Bagi Sir, With Love adalah lagu hit untuk Poitier dan menandai awal tahun yang sangat baik yang membuatnya menjadi bintang top box office di Amerika

In Heat of the Night (1967)

Disutradarai oleh Norman Jewison, In the Heat of the Night menawari Poitier perannya yang paling dikenal luas, Detective Virgil Tibbs, seorang ahli pembunuhan dari Philadelphia yang penangkapan pertamanya sebagai tersangka pembunuhan di sebuah kota terpencil di Mississippi mengarah pada kemitraan yang tidak mudah dengan sheriff rasis setempat. (Rod Steiger).

Film ini dipandang sebagai alegori bagi gerakan Hak-Hak Sipil, khususnya dalam adegan di mana pemilik perkebunan yang kaya (Larry Gates) menampar Tibbs, hanya untuk segera menampar dirinya sendiri. Legenda mengatakan bahwa Poitier menolak untuk masuk ke film kecuali karakternya membalas.

In Heat of the Night adalah hit finansial besar dan salah satu saat langka di mana kinerja teladan Poitier dibayangi oleh lawan mainnya; Pengambilan sempurna dari Steiger terhadap sheriff yang datang untuk menerima pasangannya sebagai teman membuatnya mendapatkan Academy Award.

Guess Who's Coming to Dinner (1967)

Poitier sekali lagi mendapati dirinya sebagai pusat dari sebuah drama rasial, kali ini memerankan seorang dokter tua yang bercerai yang bertunangan untuk menikahi seorang wanita kulit putih yang lebih muda (Katharine Houghton) dan mengejutkan orang tuanya yang berpikiran liberal (Katharine Hepburn dan Spencer Tracy) ketika mereka umumkan niat mereka untuk menikah.

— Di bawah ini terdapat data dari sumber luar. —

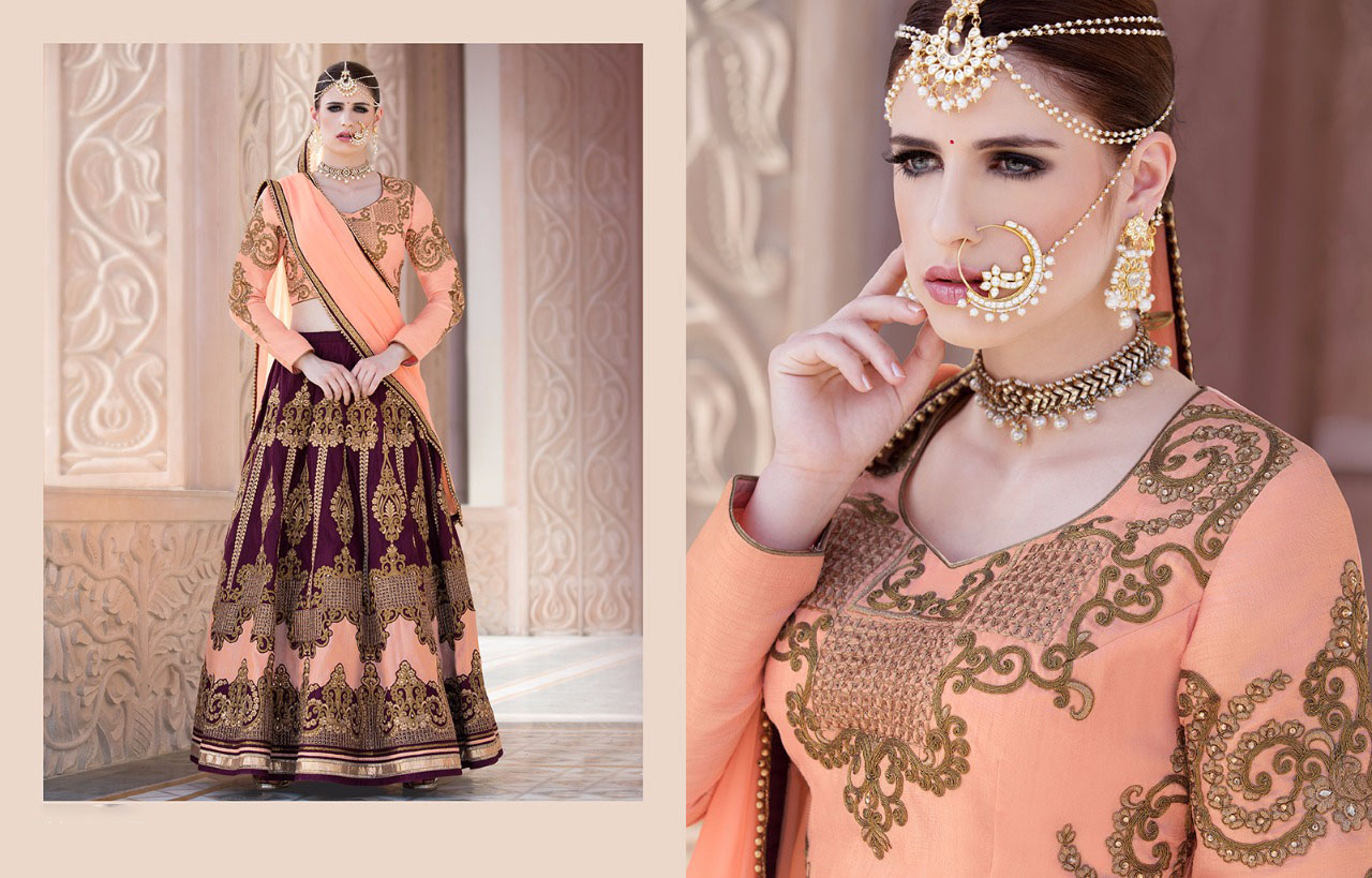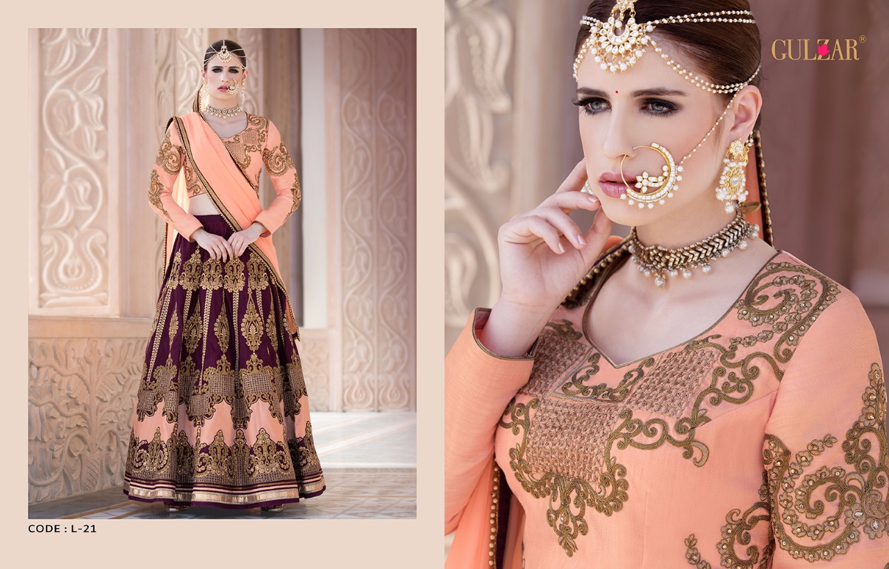This fabulous designer bright beautifully crafted pure banglori silk lehenga is enhanced with heavy golden zari work embroidery, comes with satoon inner. Blouse comes with heavy embroidery. Dupatta comes in georgette.
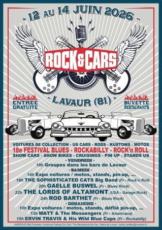 Lavaur - Au programme de cette 18e édition, on retrouve The Lords of Altamont, Rod Barthet, Gaelle Buswel… Autour de voitures de collection, US cars, Rods, customs et des motos de légende, dans une ambiance musicale blues, rockabilly et rock. Gratuit. Petite aire d’accueil (3 places).
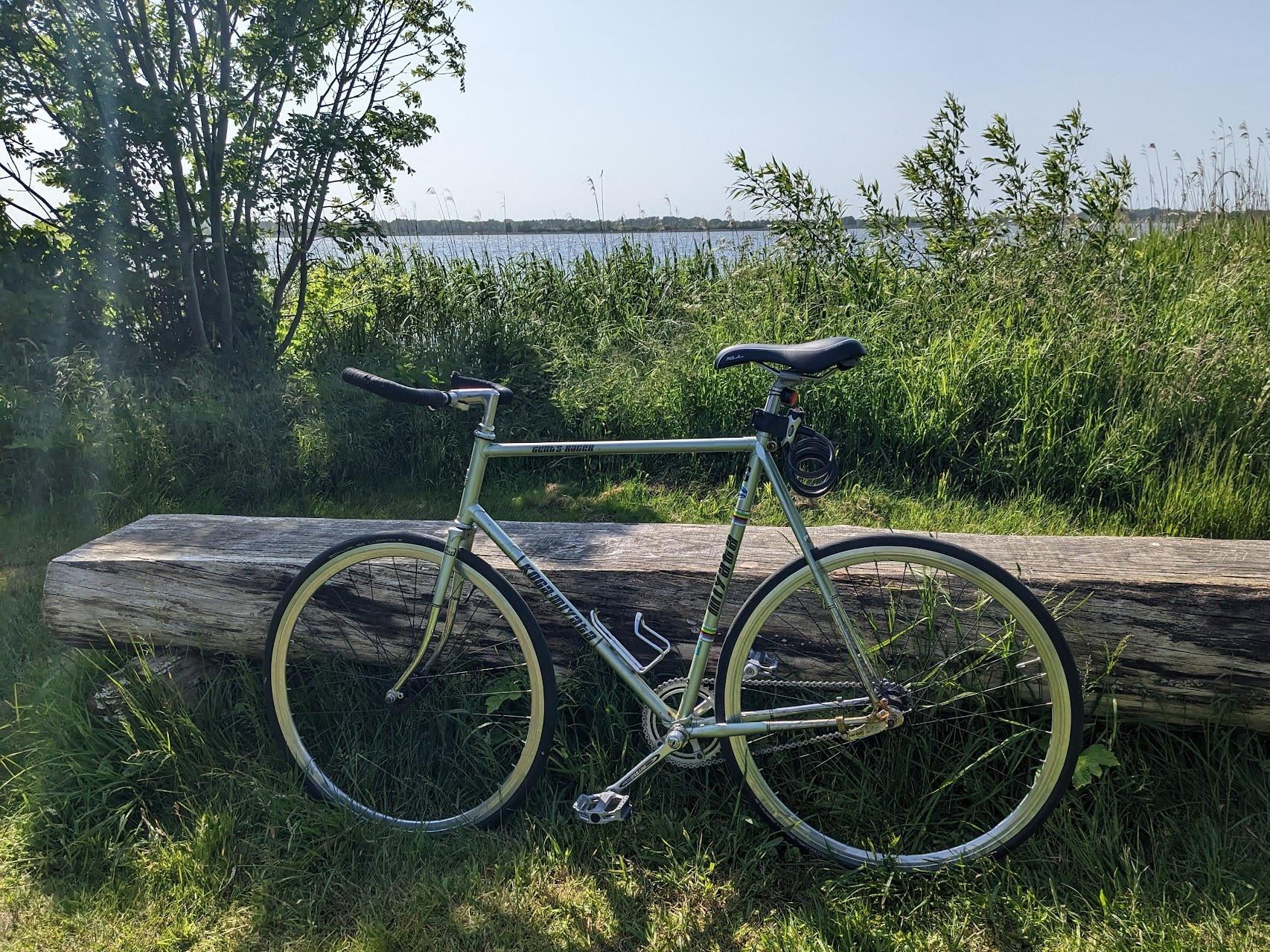 Been riding this creation of mine for four years. A single speed with coaster brake. Built on a 1978 Koga-Miyata Gents Racer frame. Sporting 622-13 alu wheels. 43×18 ratio. I absolutely abused this one going around the city and the countryside. I left it out in the rain in winters. Had multiple accidents that hurt me more than her. Only ever had to give her a new set of tires once. And she still delivers.
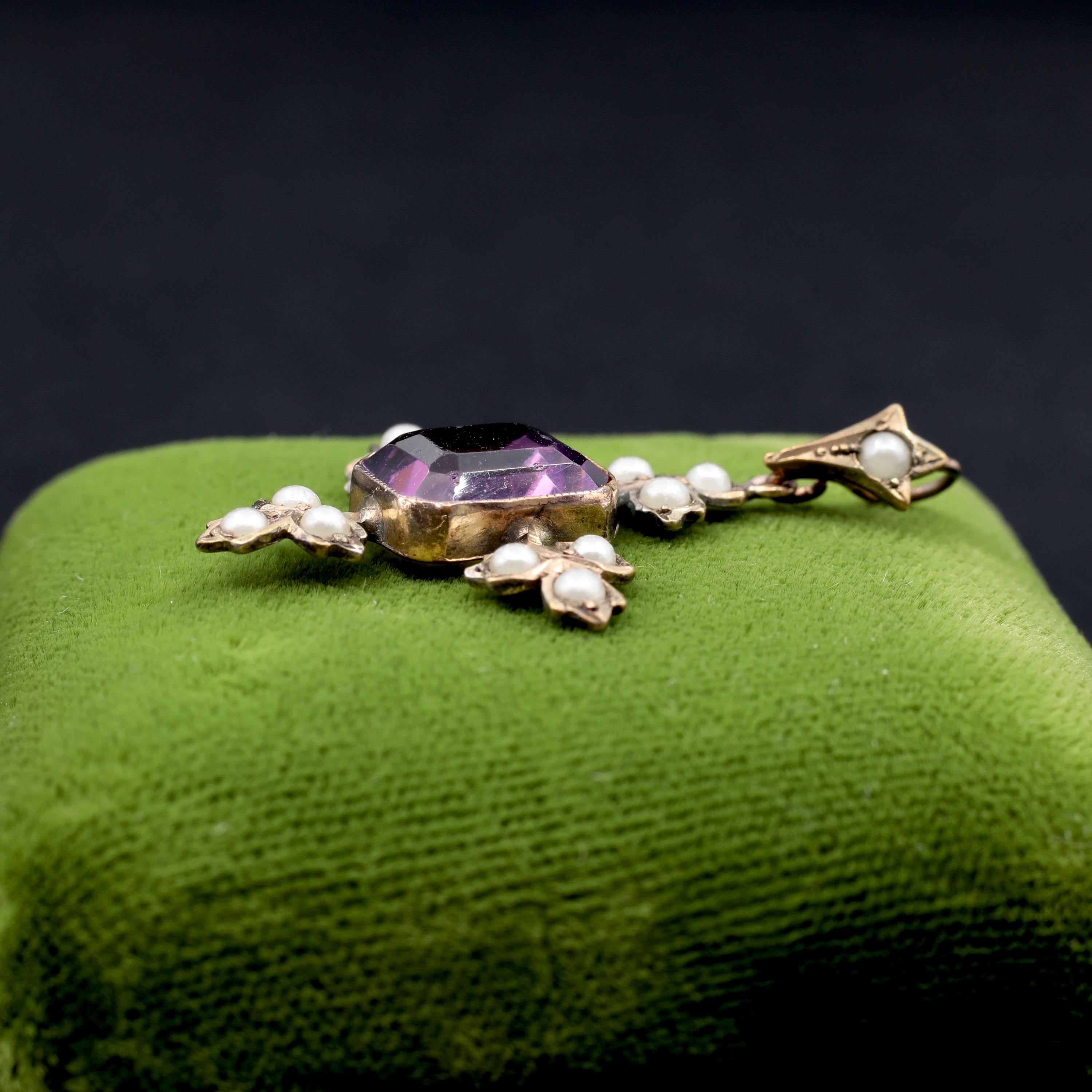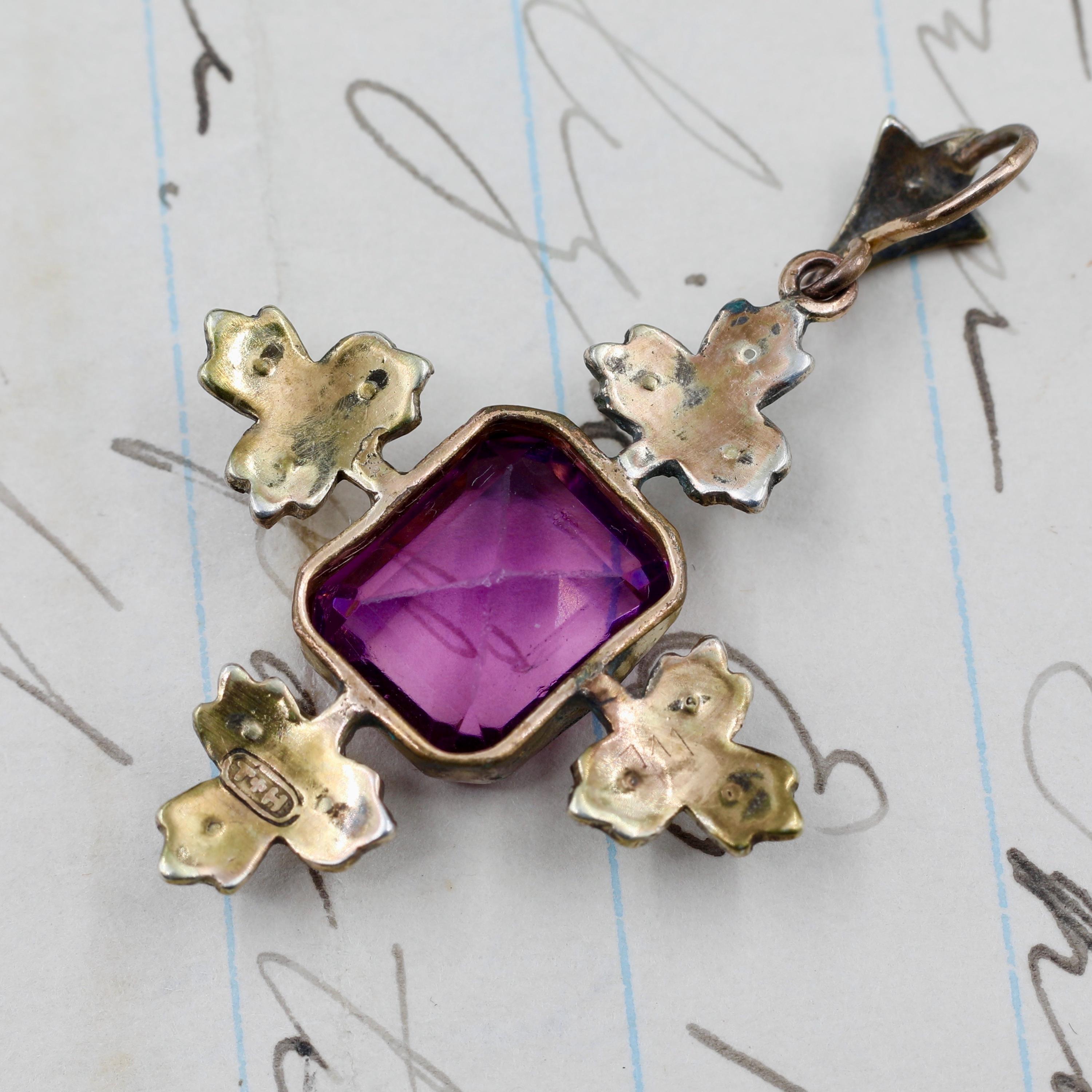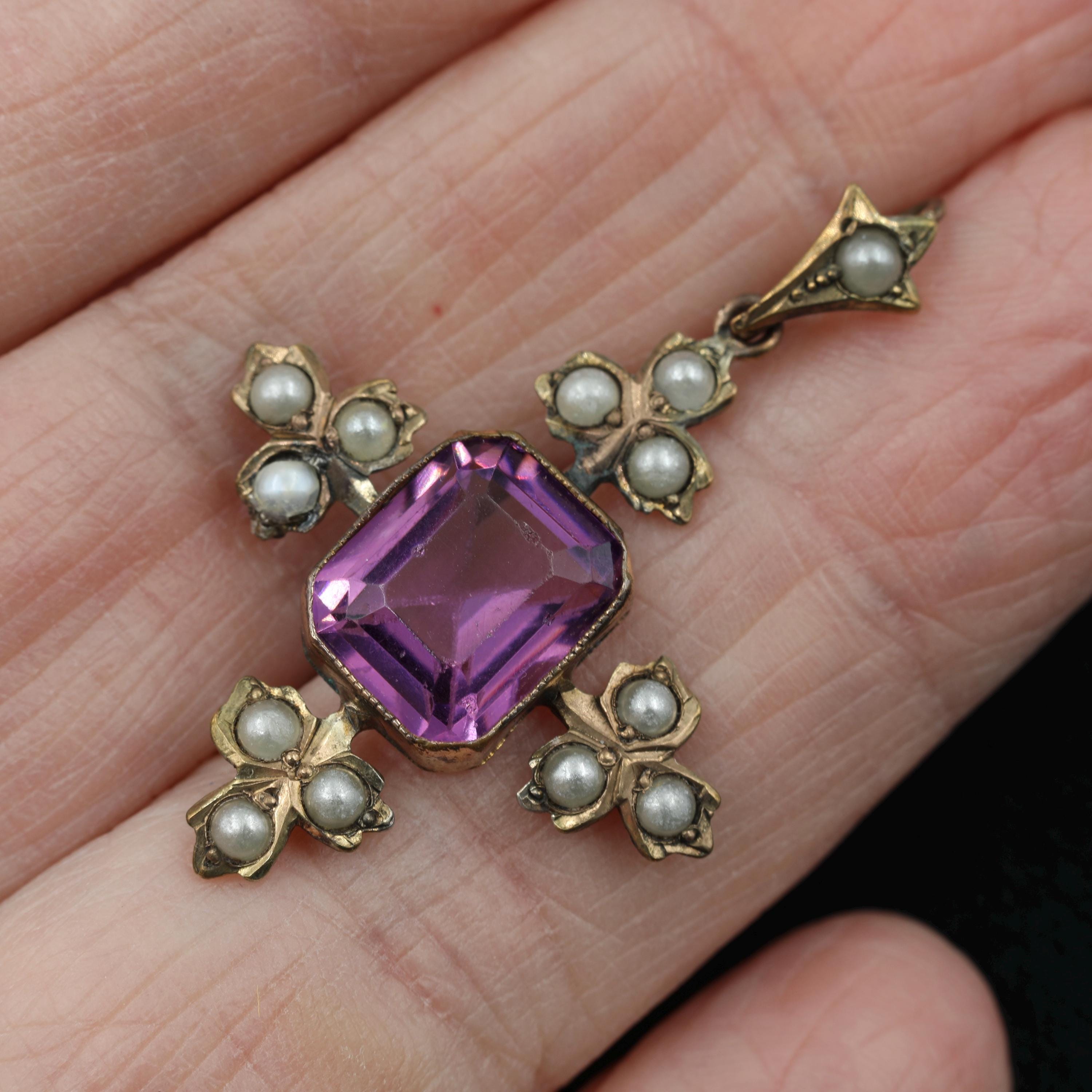 Antique Victorian Amethyst & Pearl Cross Pendant, Gold-Washed Silver, c. 1840–1860. A beautifully preserved early Victorian cross pendant, centered with a richly colored emerald-cut amethyst of exceptional hue. Surrounding the stone are four trefoil clusters of natural seed pearls, each set in softly worn floral bezels typical of mid-19th-century work. A pearl-accented bail completes the design.

Sementara calon pengantin ingin melanjutkan meskipun ada keraguan dari semua yang terlibat, Poitier menginginkan persetujuan yang tidak memenuhi syarat, termasuk dari orangtuanya sendiri yang juga keberatan dengan serikat pekerja.

Dirilis selama masa yang bergejolak dalam sejarah Amerika, Guess Who's Coming to Dinner adalah sukses besar bagi Poitier dan mengakhiri tahun yang paling sukses. Film ini terkenal karena menjadi film terakhir yang dibuat oleh Tracey, yang meninggal tidak lama setelah pembuatan film berakhir.